The data published by the Israeli Central Institute of Statistics – Central Bureau of Statistics – show all the solidity of the Israeli economy. The news was reported by all local media and in particular by the financial newspaper Globes.

In 2016 the GDP of Israel and grew by 4%, a better performance than that of 2014 (+.32%) and 2015 (2.5%).

Even the GDP per capita increased: + 2% in 2016, better than the 1.2% recorded in 2014 and 0.5% recorded in 2015.

The main engine of growth was, according to economic analysts, private consumption, which increased by 6.3% during the year under review.

The Central Bureau of Statistics also shows a clear improvement in fixed capital investments, which grew by 11.3% in 2016, after stagnating for the previous two years. Even exports – threatened today by a particularly strong local currency against the dollar and the euro – have marked a + 3% on average with the help of + 6% from the sale of services (excluding tourism and startup).

Even the average wages grew over the year on a positive 2.4% and an average of 9,805 shekels per month (about 2,500 Euros).

Equally positive was the increase in the number of employees (+ 3.1%).
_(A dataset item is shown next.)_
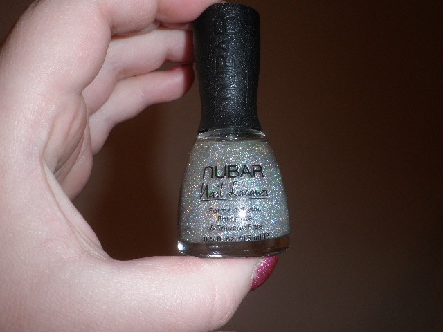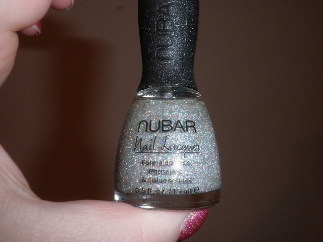 0Nubar - Hologram glitter. Jednou použitý ve dvou vrstvách, aktuální stav viz foto, hází nádherné holografické odlesky, mám ještě jeden, tak posílám dále.

The sector of information and communications guides the ranking with an average monthly wage of 19,161 Shekels (almost 5,000 Euros) for its 172,000 employees. Electricity and water sector follows with 18,237 shekels a month (about 4,600 Euros), and then education (7833 shekels per month, approximately 2000 euro) and catering, at the bottom of the ranking, with 4,519 monthly shekels (a little more than 1000 euros).